问题描述
我想在Azure Databricks群集上试用群集范围的初始化脚本.我正在努力查看可用的命令.
I want to try out cluster scoped init scripts on a Azure Databricks cluster. I'm struggling to see which commands are available.
基本上,我在dbfs上有一个文件,要在集群启动时将其复制到本地目录/tmp/config
.
Basically, I've got a file on dbfs that I want to copy to a local directory /tmp/config
when the cluster spins up.
所以我创建了一个非常简单的bash脚本:
So I created a very simple bash script:
#!/bin/bash
mkdir - p /tmp/config
databricks fs cp dbfs:/path/to/myFile.conf /tmp/config
启动群集失败,并显示群集已终止.原因:初始化脚本失败".查看dbfs上的日志,我看到了错误
Spinning up the cluster fails with "Cluster terminated. Reason: Init Script Failure". Looking at the log on dbfs, I see the error
bash: line 1: databricks: command not found
确定,因此databricks
作为命令不可用.这是我在本地bash上用于从dbfs复制文件和向dbfs复制文件的命令.
OK, so databricks
as a command is not available. That's the command I use on the local bash to copy files from and to dbfs.

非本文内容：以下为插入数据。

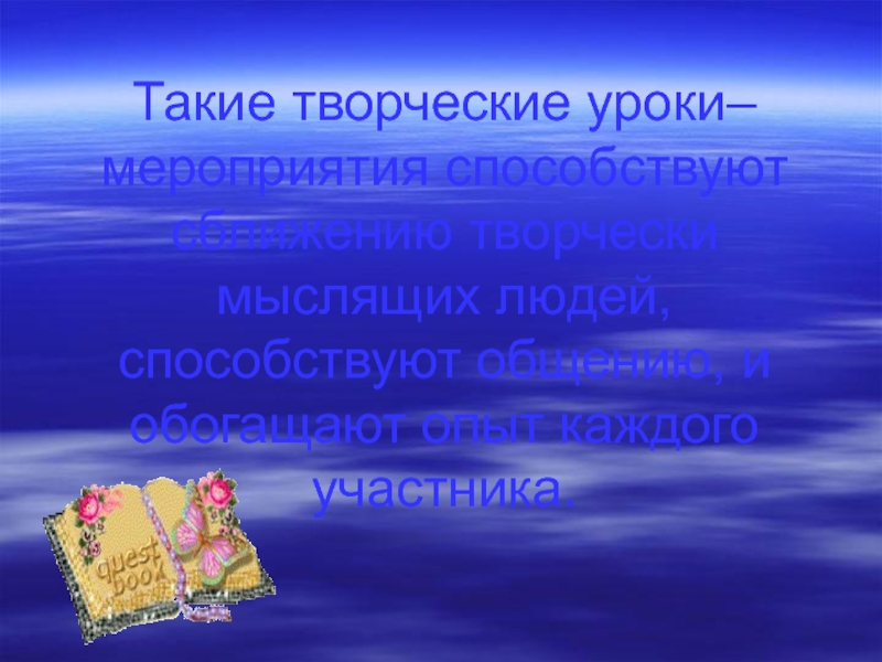 Слайд 18Такие творческие уроки– мероприятия способствуют сближению творчески мыслящих людей, способствуют общению,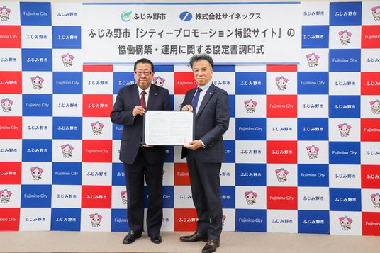 ふじみ野市と株式会社サイネックスは、官民連携事業による「シティープロモーション特設サイト」の協働構築および運用に関して、協定書の調印式を行いました。

还有哪些其他命令可用于从dbfs复制文件?更笼统:实际可以使用哪些命令?
What other commands are available to copy a file from dbfs?And more general: Which commands are actually available?
推荐答案
dbfs已安装到集群,因此您只需将其复制到shell脚本中即可:
The dbfs is mounted to the clusters, so you can just copy it in your shell script:
例如
cp /dbfs/your-folder/your-file.txt ./your-file-txt
如果在/dbfs位置上执行dir,则作为回报,您将获得dbfs中的所有文件夹/数据.
If you do a dir on the /dbfs location you get as a return all the folders/data you have in your dbfs.
您还可以先通过
%sh
cd /dbfs
dir
这篇关于在集群范围内的初始化脚本中从dbfs复制文件的文章就介绍到这了,希望我们推荐的答案对大家有所帮助,也希望大家多多支持!